Mary Tout, 75, of Goodyear, Ariz., is one of many widows who are struggling. She says she could scrape by on her fixed income of $18,000 if she didn't have to care for her 43-year-old son, who is bipolar. A diabetic, Tout lives in a small apartment furnished with a card table, a donated hide-a-bed and a recliner she found at Goodwill. She doesn't have money to pay for her son's medicine. This spring, he tried to commit suicide by overdosing on a stomach medication after her old car was stolen.

"I get real depressed," Tout says. "I pray a lot that things will straighten out."

One often overlooked financial burden for seniors is their own children. As much as they're struggling personally, Tout and many other retirees are dipping into dwindling reserves — if they have any — to help grown sons, daughters and grandchildren. The AARP survey concluded that more than one in three retirees are helping their children pay bills.

Zella Scales, a 64-year-old retired autoworker in Columbus, Ohio, is one of them. Ten months ago, she took in her 27-year-old granddaughter, who had lost her job, and the woman's two children. The granddaughter is saving for an apartment. But high prices have delayed a move.

Just as inflation is squeezing elderly Americans, the one asset that's traditionally helped soften the impact of rising prices — home equity — has been shrinking as house prices have fallen. When home equity is large enough, homeowners can borrow against it. But lately, falling equity and tighter lending rules have reduced access to loans.

"This is a huge wake-up call for people who had too much expectation that increasing home values was the way to finance retirement," Rappaport says. "The house isn't going up in value, and in many cases today, the mortgage has a higher balance than the value of the house."

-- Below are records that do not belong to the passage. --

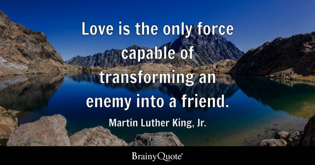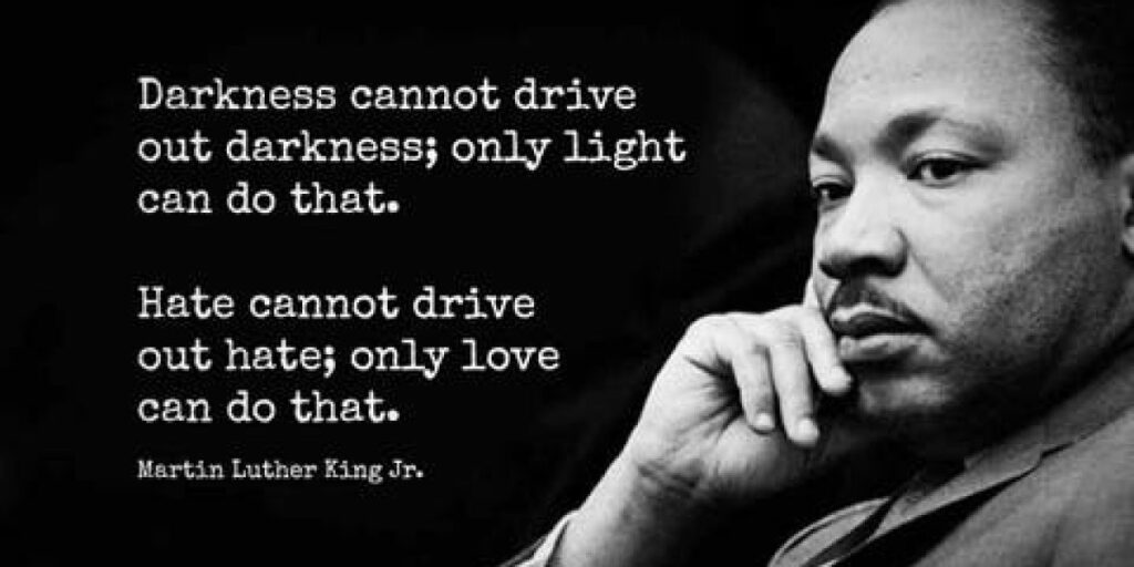 “The ultimate weakness of violence is that it is a descending spiral begetting the very thing it seeks to destroy, instead of diminishing evil, it multiplies it. Through violence you may murder the liar, but you cannot murder the lie, nor establish the truth. Through violence you may murder the hater, but you do not murder hate. In fact, violence merely increases hate. Returning violence for violence multiplies violence, adding deeper darkness to a night already devoid of stars. Darkness cannot drive out darkness; only light can do that. Hate cannot drive out hate; only love can do that.”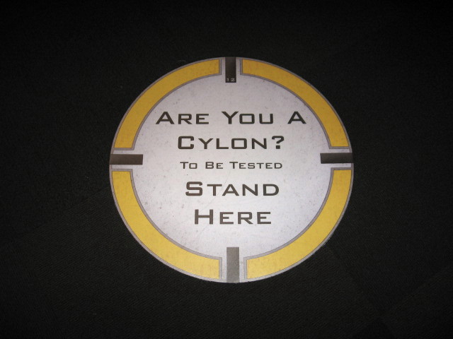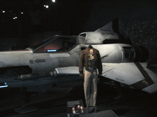As for the exhibit itself, it was entertaining and interesting. The full size Colonial Viper ships were pretty awesome, (and, they were a bitch to get into the EMP/SFM building; they had to cut a hole in the side of it…don’t tell Frank Gehry!) The Cylon Raider was less cool…very Styrofoamy and fake but since it didn’t need to be as authentic looking as the Viper, (actors had to interact with the Viper ships; the Cylon ships were only models since only the Robot Cylons used them) it’s to be expected.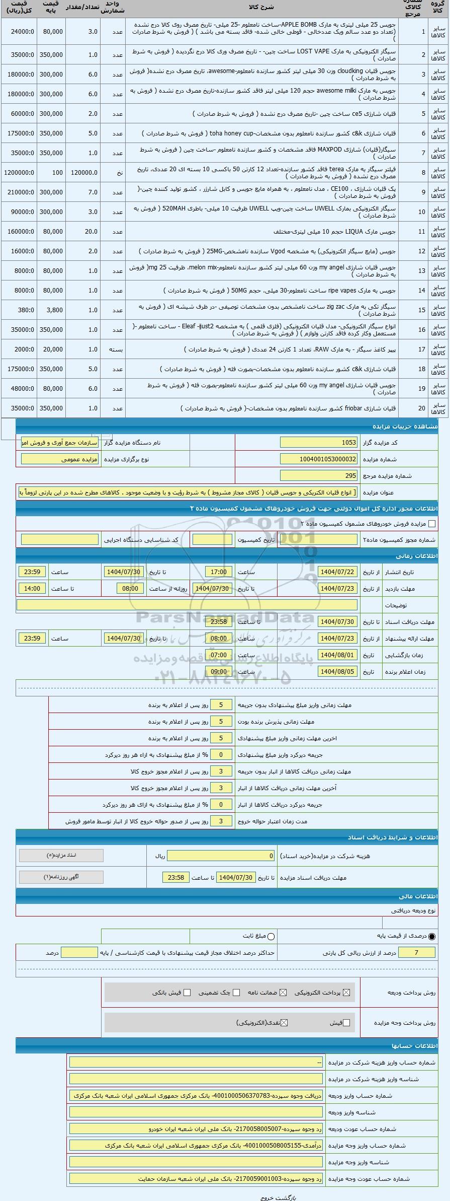 | عنوان مزایده | [ انواع قلیان الکتریکی و جویس قلیان ( کالای مجاز مشروط ) به شرط رؤیت و با وضعیت موجود . کالاهای مطرح شده در این پارتی لزوماً به خارج از کشور صادر می گردد . ( مناطق آزاد تجاری – صنعتی و ویژه اقتصادی به عنوان مقصد صادراتی محسوب نمی شوند . ) پس از ورود کالا به انبارهای موضوع ماده 23 امور گمرکی ، کالا مشمول مقررات امور گمرکی و اخذ مجوز های لازم خواهد بود . ضمناً تضمین خروج قطعی کالا از کشور ، سه برابر ارزش کل پارتی می باشد . لازم به ذکر است که در هنگام صدور حواله خروج کالا نام گمرک صادر کننده کالا توسط برنده مزایده به سازمان اعلام می شود . ] متقاضی با درج پیشنهاد قیمت در مزایده ، تمامی شروط درج شده در شرایط شرکت در مزایده اموال منقول ، مندرج در تارنمای سازمان به آدرس Tamliki.ir ( بخش مزایده و حراج ، قسمت مزایده اموال منقول ، آیکون شرایط شرکت در مزایده ) را می پذیرد . | |||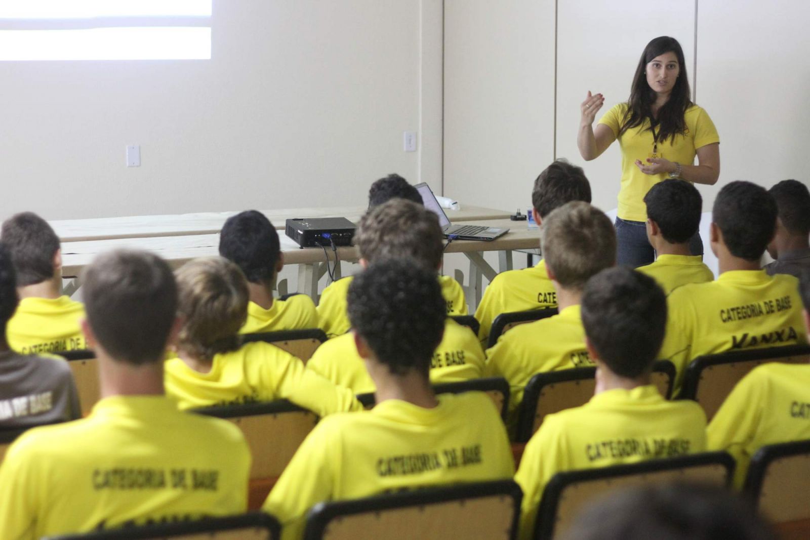 Palestra foi feita pela nutricionista do clube Camila Mazetto. Foto: Fernando Ribeiro/Criciúma E. C.

Retirees fortunate enough to have nest eggs to supplement a fixed income still face challenges, especially in trying to protect against catastrophic bills. Nursing home expenses are spiraling, as is the cost of long-term care insurance. Dawn Helwig, an actuary at Milliman, a consulting firm, says the cost of premiums for new long-term care policies with inflation coverage has jumped by 30% to 40% since 2001, compared with an overall inflation rate of 23.7% in that time.

A 2008 survey by the Employee Benefit Research Institute indicates that only 52% of retirees in good health and 27% of those in fair to poor health felt confident that they had enough money to pay for long-term care.

Shrinking buying power

Inflation attacks rich and poor. Henry Hebeler, a retired Boeing executive and founder of Analyze Now, a website dedicated to helping retirees, amassed plenty of money to cover his retirement. Yet he's seen the buying power of his pension shrink drastically during a period of modest inflation. Nineteen years after he retired at age 55, Hebeler's fixed Boeing pension is worth just 53% of its original value.

"I see people around who started off pretty affluent; they didn't care much about money when they first retired," Hebeler says. "But after a few years, they're picking food more on price, they've given up memberships to exercise and golf clubs, and they've moved into less expensive homes."

In Florida, some retirees who thought they were set for life are abandoning their lives by the beach. Herb Williams, 68, of St. Augustine, says he knows many retirees who have become "half-backs." That's what Floridians call retirees who don't return to the North but rather retreat halfway or so back, to other states — to South Carolina, say, or to Tennessee — to escape hurricanes, as well as higher prices for real estate, insurance and other necessities.

The friends who are left behind in Florida condos, meanwhile, are turning into homebodies, laments Williams, who sold two gas-guzzlers and replaced them with a Ford Fusion with better gas mileage.

Some social groups, including the Elks Club and Italian Club, to which he belongs, are cutting way back on events. When there are dances, he says, fewer people show up.

"People," Williams says, "are staying home and saving money."